Throughout the past few thousand years, the city was conquered several times, faced natural disasters and eventually abandoned. It was only rediscovered in the 20th century. Alexander the Great conquered Ephesus in 334BC and it later fell under the control of various Hellenistic rulers.
It never depreciated in its value as a commercial and cultural centre, and became one of the most important cities in the Roman Empire in about 133BC, later playing a key political and geographic role in the Byzantine Empire after the Roman Empire split between east and west in about 4AD. In about 1390 Ephesus was conquered by the Ottoman Empire, and then came a slow demise. By the 15th century, the once-great metropolis was all but abandoned.

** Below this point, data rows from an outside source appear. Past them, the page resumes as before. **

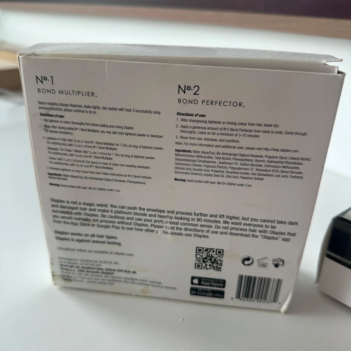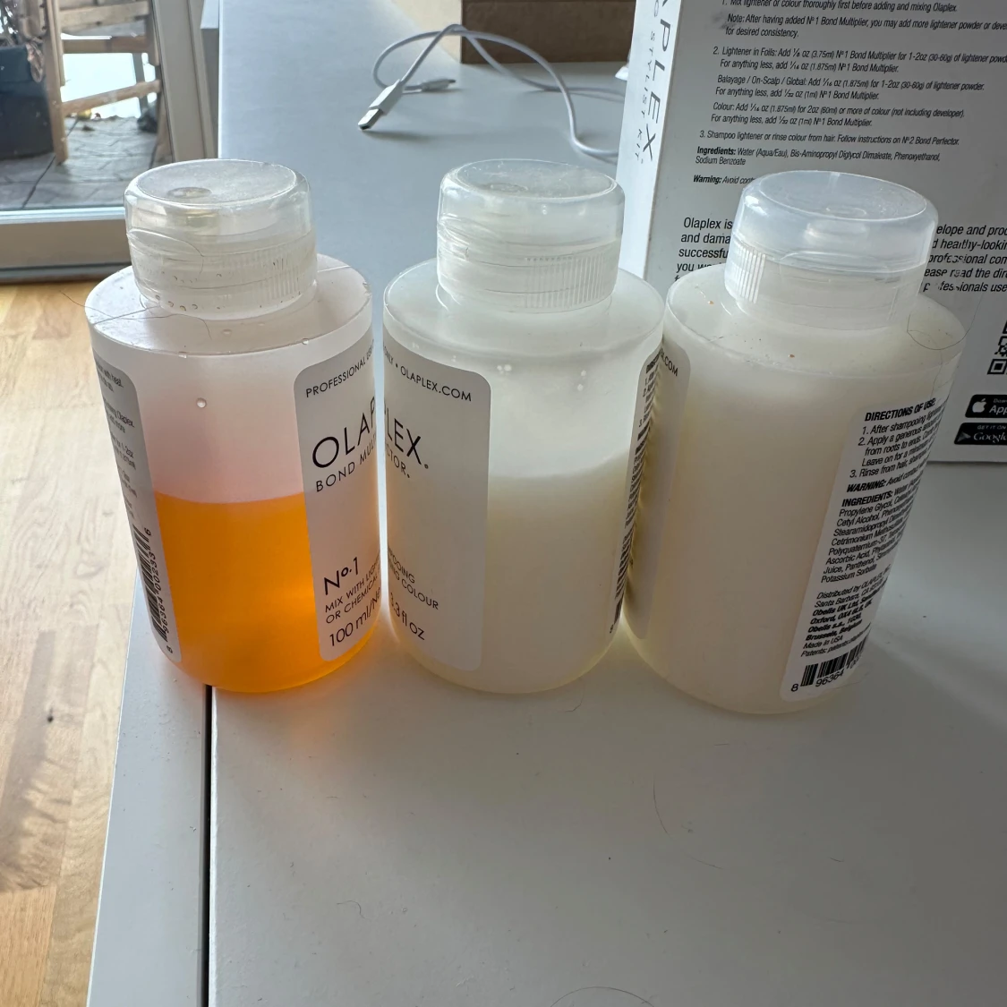 Olaplex Traveling Stylist Kit innehåller No.1 Bond Multiplier och No.2 Bond Perfector i praktiska plastflaskor à 100 ml. No.1 är orangefärgad vätska och No.2 är vit kräm. Perfekt för dig som vill stärka och reparera håret under färgning eller blekning. Ni ser mängd kvar på bilderna. Den längst till höger är plomberad
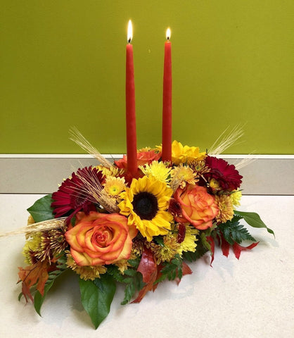 Orange roses, bright sunflowers, dark red gerberas, gold chrysanthemums are accented with autumn greenery and red candles.
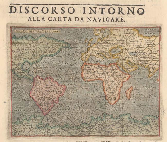This nautical world map, engraved by Girolamo Porro, was one of two world maps included in Porcacchi's popular pocket-sized atlas. It covers most of the world, excluding far eastern Asia and the western coast of North America; thus alluding to a connection between the two. The Terra Incognita landmass dominates the bottom of the map. The handsome map is filled with rhumb lines and the seas are fully stippled. On a sheet of Italian text measuring 8.0 x 11.4".
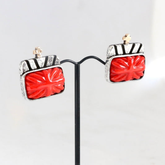 Carved Red Coral with Gold Cross "Signature" Earrings
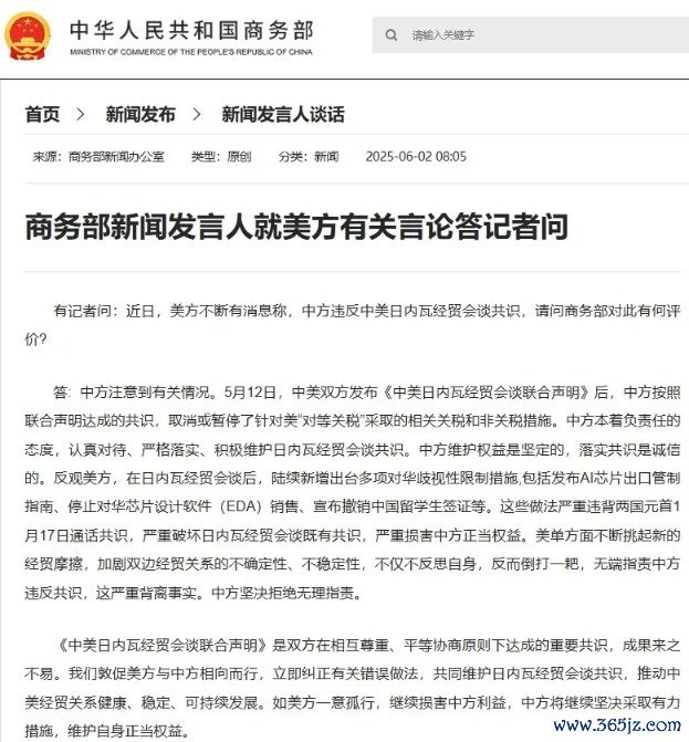 答: 中方注意到有关情况。5月12日,中美双方发布《中美日内瓦经贸会谈联合声明》后,中方按照联合声明达成的共识,取消或暂停了针对美“对等关税”采取的相关关税和非关税措施。中方本着负责任的态度,认真对待、严格落实、积极维护日内瓦经贸会谈共识。中方维护权益是坚定的,落实共识是诚信的。反观美方,在日内瓦经贸会谈后,陆续新增出台多项对华歧视性限制措施,包括发布AI芯片出口管制指南、停止对华芯片设计软件(EDA)销售、宣布撤销中国留学生签证等。这些做法严重违背两国元首1月17日通话共识,严重破坏日内瓦经贸会谈既有共识,严重损害中方正当权益。美单方面不断挑起新的经贸摩擦,加剧双边经贸关系的不确定性、不稳定性,不仅不反思自身,反而倒打一耙,无端指责中方违反共识,这严重背离事实。中方坚决拒绝无理指责。
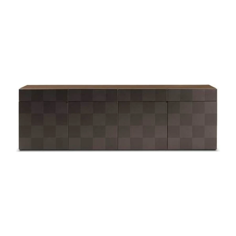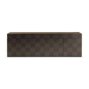 The shelf and structure woods come in Canaletto walnut. The entire H_O collection is upholstered with Tortora or Caffè saddle-leather. In the ‘square’ versions, the basic cover includes a 16×16 cm hand-produced “tone-on-tone” chessboard motif.
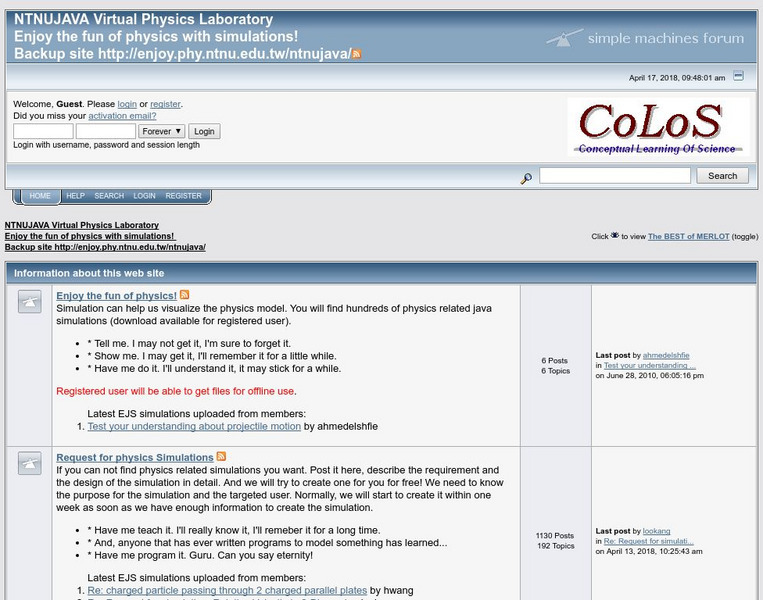 The National Taiwan Normal University maintains this educational physics resource that features a comprehensive selection of interactive JAVA simulations. Many are accompanied by guest comments and discussions. Some portions of the site are available to registered members only.
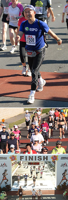 しかし、18キロ地点でトイレに30分間並んだ結果、身体が冷えてまったく走れなくなり、それ以降はずっと歩いてFinishを目指しました。
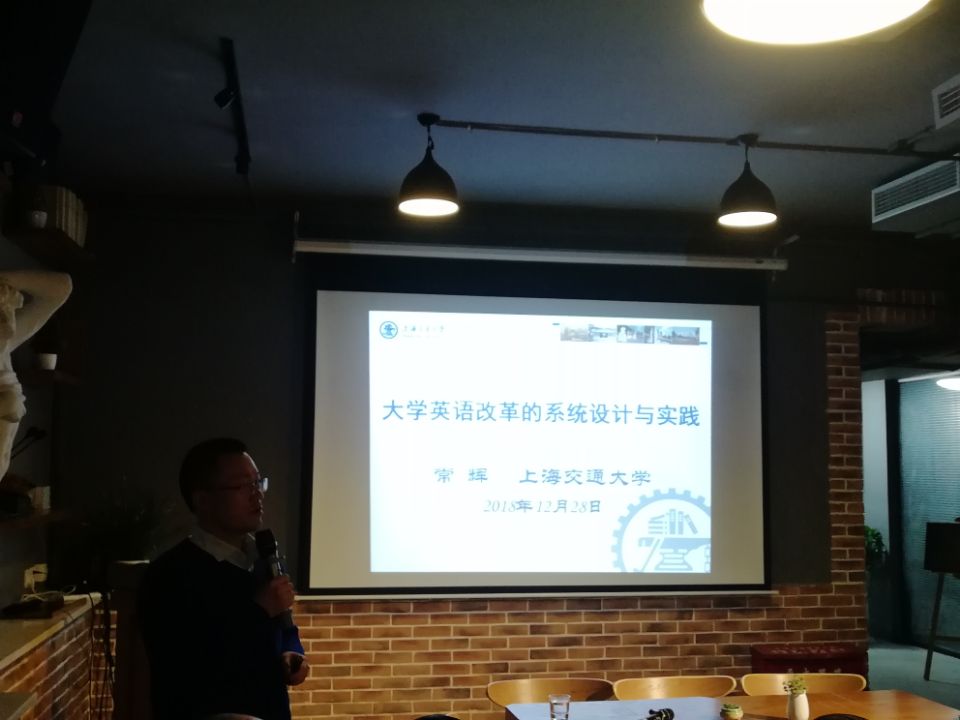 2018年12月28日晚,上海交通大学外国语学院副院长?;越淌谟ρ次以鹤隽颂馕?/span>大学英语改革的系统设计与实践”的学术讲座。讲座由副院长莫再树教授主持。
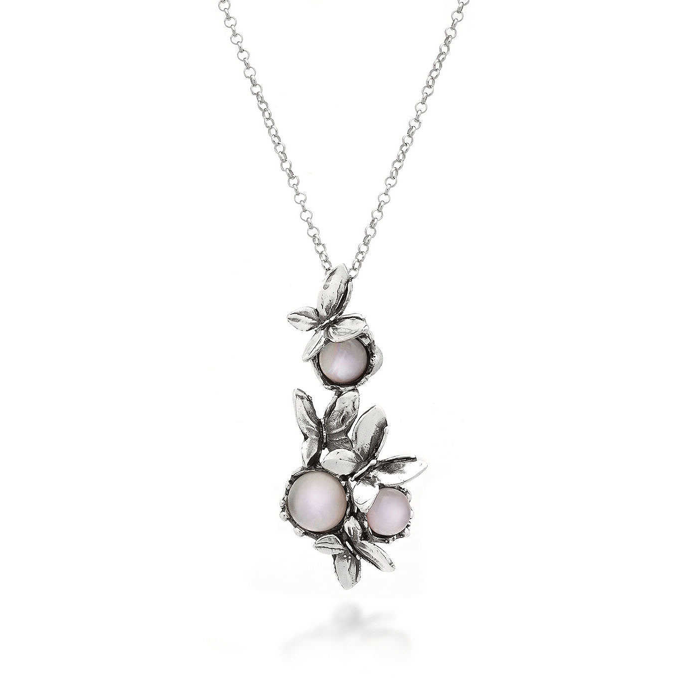 • Argento 925 e madreperla rosa doppiata con quarzo idrotermale
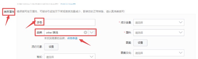 三、对于产品的类目属性,不同的类目也都是不一样的,对于产品的 货号,是卖家自己填写的,是方便卖家自己管理的,对于产品的品牌选项,如果有授权书或者是能够证明是正品的发票等,那就可以选择相应的品牌,如果没有,那就可以选择其他这个选项,防止被举报投诉售卖假货,这样容易对店铺造成严重影响,轻则扣分,重则可能会造成封店等等,所以我们对于这个的选项要慎重
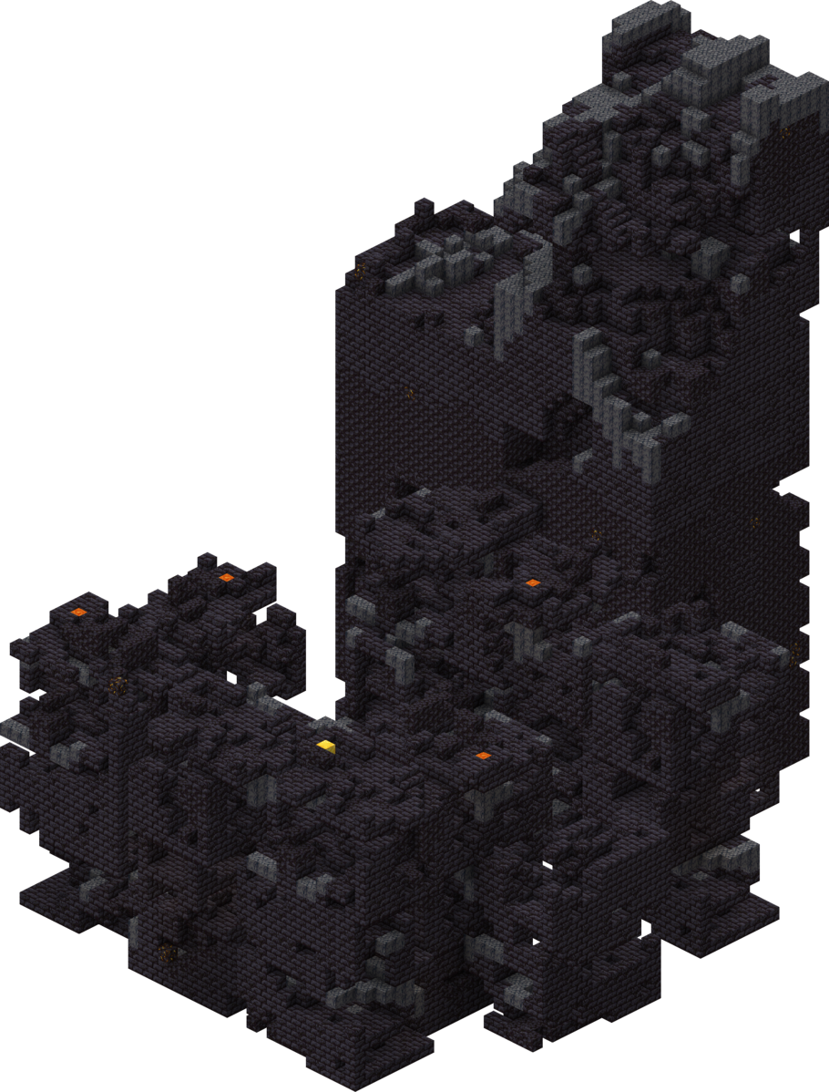Bastion remnants generate as four types of structures: bridges, hoglin stables, housing units, and treasure rooms. Each type has its own set of structures that compose it. These structures may be supported by ramparts that contain cave-like paths. Piglins, Piglin Brutes and Hoglins spawn frequently throughout.
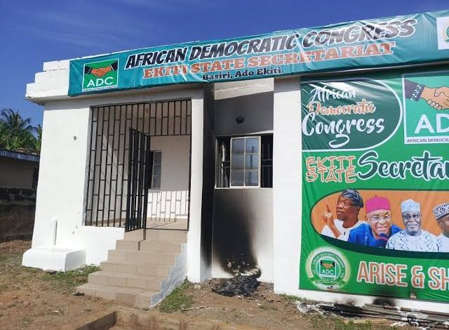 The Secretariat of the African Democratic Congress (ADC) in Ekiti State has been razed by suspected political thugs, alleged to be from the All Progressive Congress APC.
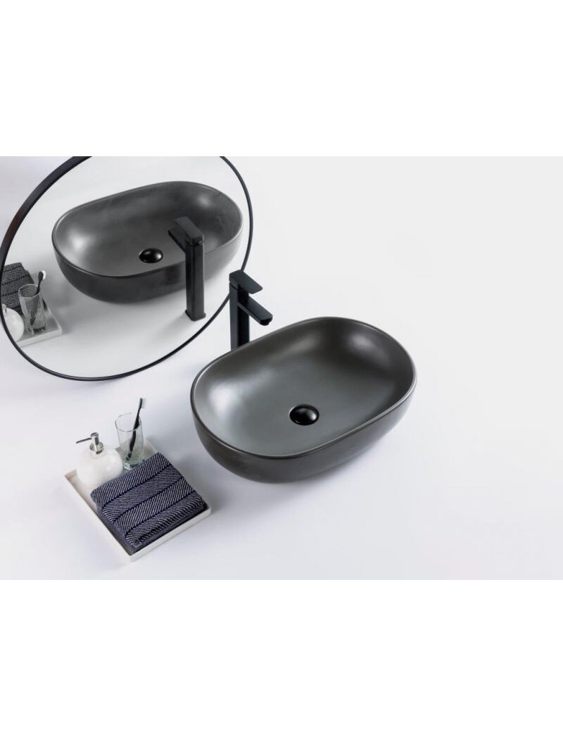 Раковина накладная керамическая, овальная, серая матовая, BB1084-H311, 600x420x140
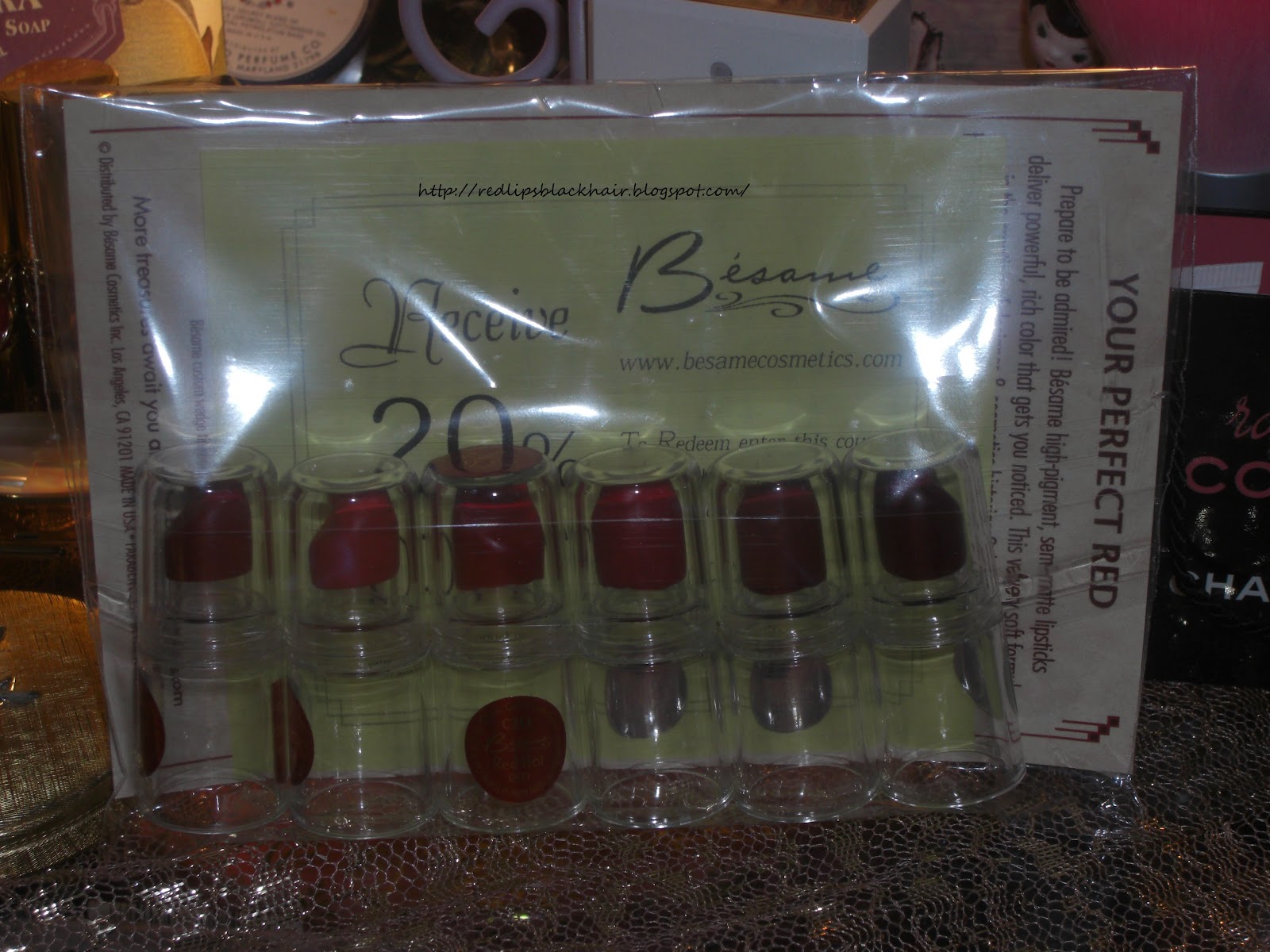 Ladies, ladies, ladies. I have the most delicious package to share with you. WAIT, that sounded wrong.. o_O I got the prettiest package in the mail today! If my lovely post office hadn't held it for a couple days I would have had this up sooner for you. But here it is! Six samples of their reds (for $8.00, full sizes are $22.00)! Dream come true for Sonia! According to the site it's enough product for 4 applications. Colors it came with are Red Velvet, Carmine, Red Hot Red, Besame Red, Merlot, and Cherry Red. Came with a gorgeous post card that has descriptions of all of them on the back and with a 20% off coupon. It was for a limited time, very limited I guess cause now I can't find it anywhere to link it. :((( Here's how they came packaged:
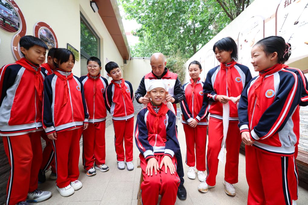 5月8日,在山东省烟台市福山区芝阳山学校,红十字志愿者指导学生练习海姆立克急救法。
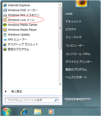 1. スタートボタンから「全てのプログラム」を選択し「WindowsLiveメール」を実行します。
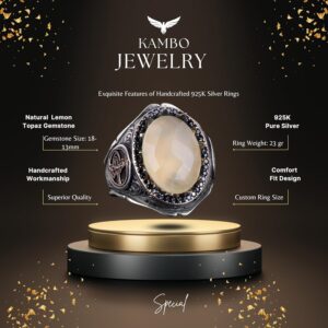 925 Ayar Katı Gümüş Erkek Yüzük - Doğal Limon Topaz Taşı ile El Yapımı Zarafet
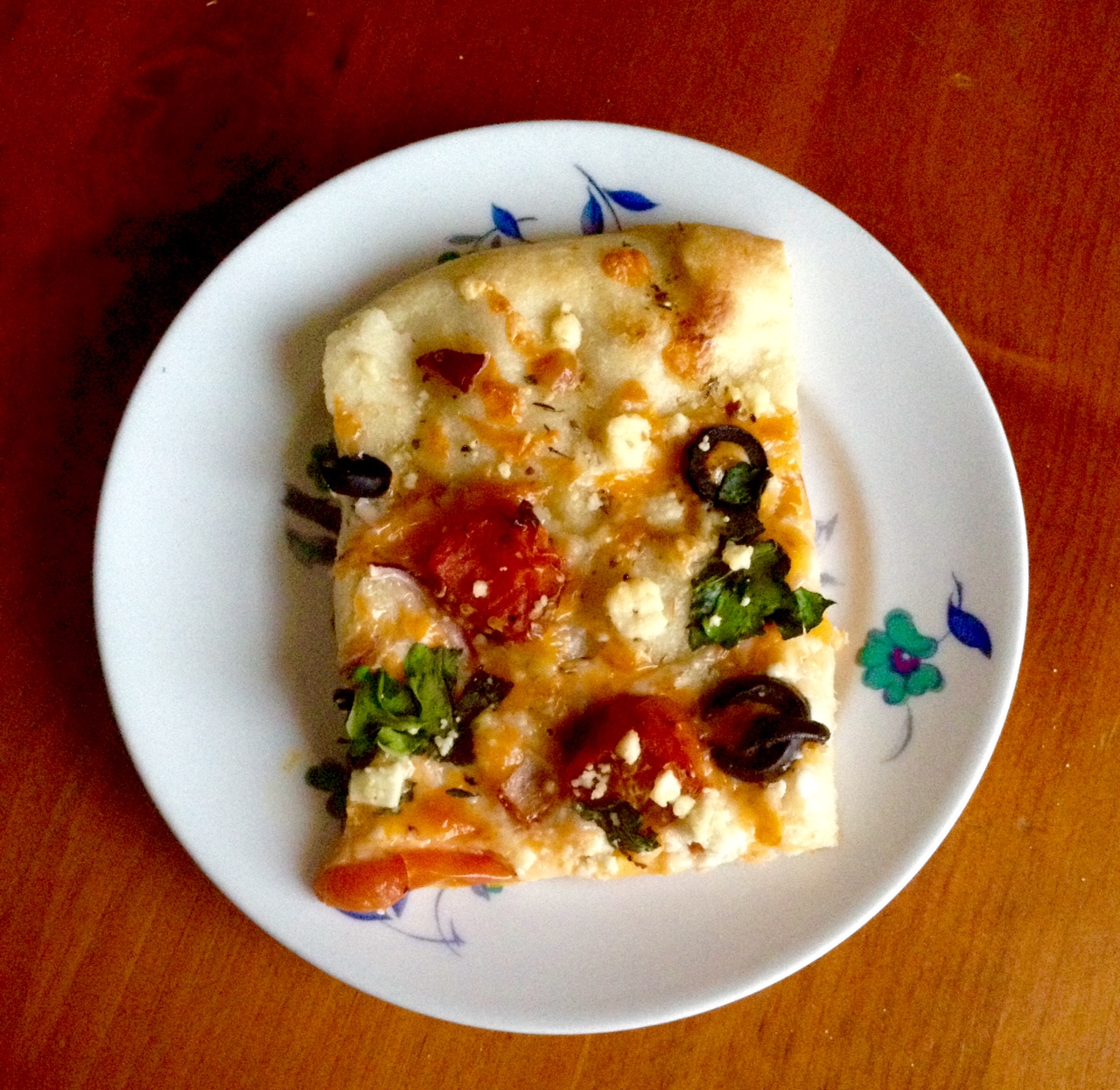 Salty olives and feta, sweet red onion and roasted cherry tomatoes and a heavenly sauce that tastes a little like Caesar dressing…this one has everything you want in a veggie pizza. My Dad may never open his own shop but at least now you can get an idea of why I brag about his pizza all the time. Do it!

ALSO READ: WATCH: Saudi Arabia plans to break more than one record with new roller coaster
A journey through time in the ancient city’s marvels
It would be another 500 years before archaeologists discovered and excavated the city. A visit to Ephesus is incredible. It is vast and requires, at the very least, a three-hour visit to properly explore this open-air celebration of antiquity. And what makes this experience even better is that there are areas that visitors can walk into, step across and for a moment imagine what life could have been like thousands of years ago.
To sit down and face the stage in one of the two arenas, a smaller town-hall type theatre and a massive, 24 000-seater version, provides spectacular insight into the ancients’ ingenuity of design – the acoustics, the view. It can leave you speechless. Stroll through an ancient shopping mall, well, its equivalent. And, as becoming of every Roman or Greek town, there’s a brother, terraced housing developments with visible mosaics and art. It’s an insight into a sophisticated society, a social structure that formed the bedrock of everything we know today, the formative years of Western society.
Then, probably one of the most impressive and well-preserved facades, albeit somewhat restored, of the ancient world, the Library of Celsus. It was built in honour of the Roman senator Tiberius Julius Celsus Polemaeanus, also known as Celsus, who died in 106BC. The library was commissioned in his honour, by his son, Gaius Julius Aquila, and completed 26 years after Celsus’ death.
It was a three-storey building with marble columns and statues, and the library was divided into two halls, a large main hall, and a smaller side hall. It is believed to have housed a collection of more than 12 000 scrolls but destroyed in an earthquake in the 10th century.
Exploring the crypt of Celsus in Ephesus
Celsus was buried in a crypt under the main floor of the library. It’s a long walk, and in the blazing Turkish sun it can be somewhat arduous, but it is completely worth it.
Avoid audio tours and, while well numbered and informative, you’d have to return the device to the ticket office on completion of the three-hour circuit. Then it’s back uphill.
Rather invest in one of the many guidebooks, priced between €6 (about R113) and €10, for an in-depth historic explanation. Directional and explainer signage is visible, accessible and in good condition at every point of attraction in Ephesus.
The site is visited by thousands of tourists every day, most led by tour guides with colourful paddles or umbrellas. If you’re visiting by yourself, make sure that you get there early, as the throng of kykdaars can be suffocating and – like the tourist who was bored beyond boredom – very annoying.